Jesus glared at Lenny. The guy was such a prick he probably spent his free time telling kindergarteners that the tooth fairy didn’t exist. Jesus knew that the ghost stories were a bunch of bullshit but he had seen enough of the world to realize that you didn’t shit on other people’s beliefs. Sick of Lenny’s mouth, he spoke up, “Look, I don’t want to spend my whole night on this tour so let’s move along.” Ben and Jay had reached their limit with Lenny so they took Jesus’s suggestion as an order and began to head in the general direction down Broad Street that the route had taken. Thaddeus rushed to take the lead and the rest of the group had no choice but to follow.

As they approached the Augusta Chronicle Building, Thaddeus announced that it was the second to the last stop. “Thank you, Sweet Baby Jesus,” Tiffany mumbled under her breath. Pete squeezed her hand, letting her know that he had heard her. “I don’t know how much more I can take,” she whispered, half explaining and half apologizing.
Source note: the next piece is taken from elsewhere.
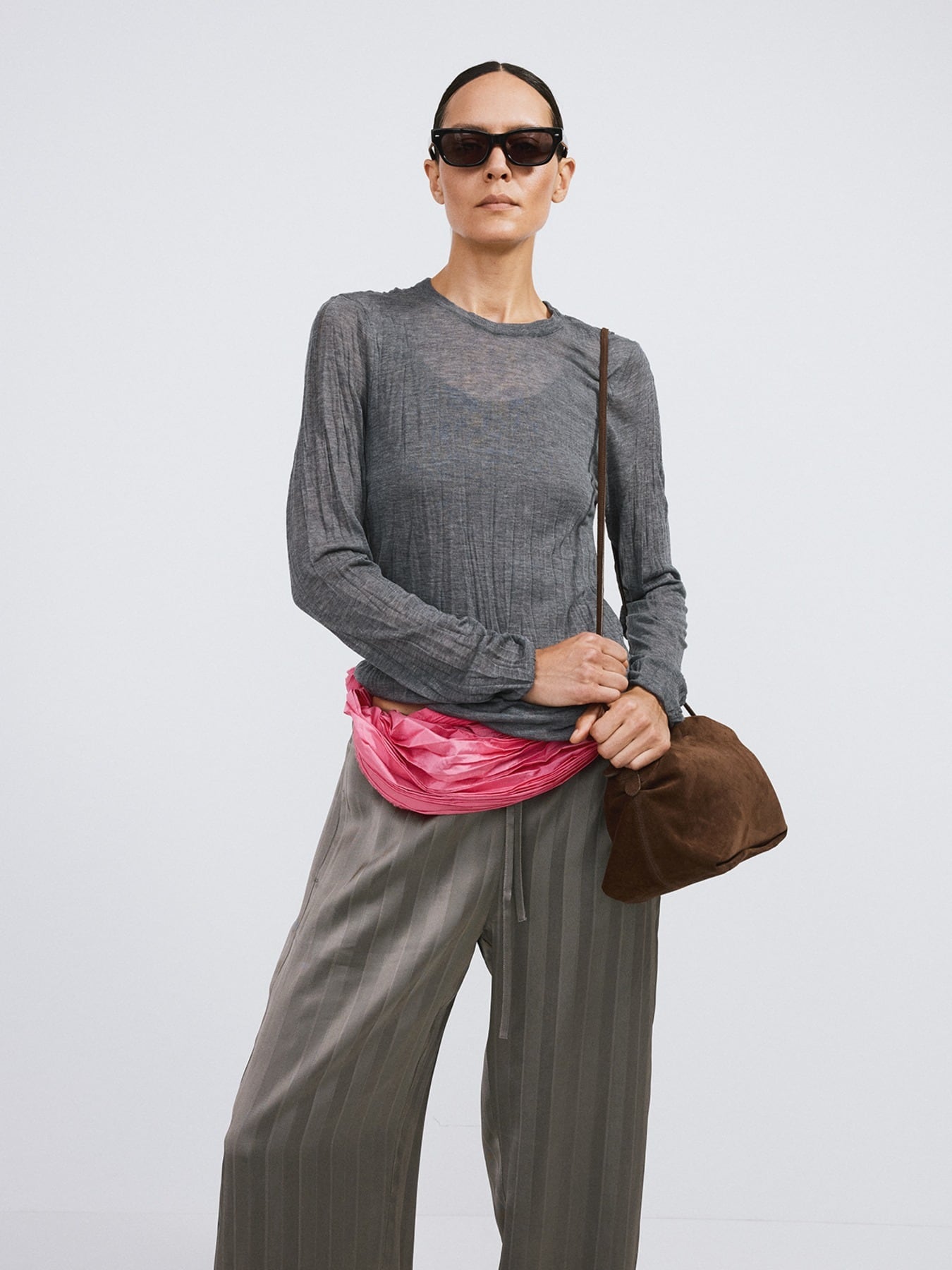 [RECTO] CREASE LONG KNIT TOP (COOL GREY)

“You shouldn’t have to take any of it. Lenny is acting like an ass.” Tiffany didn’t voice her agreement but she felt it. This night had turned out to be a complete failure. Instead of getting Lenny to like her, Lenny was making her hate him. She cringed over the word hate but she couldn’t feel any other way towards someone who kept attacking the things she held dear. Last night it was her family and tonight it was her hometown. She didn’t want to think about what Lenny would go after tomorrow night. Plus, the way he insisted on publicly arguing with Thaddeus made her mortified to be connected to him. She was going to have to apologize to the tour guide for bringing Lenny. So yeah, Tiffany definitely hated her future brother-in-law but she couldn’t let Pete know. She would not be accused of causing problems between the two brothers, so she kept her mouth closed and hoped she could make it to the end of the tour without giving Lenny a piece of her mind.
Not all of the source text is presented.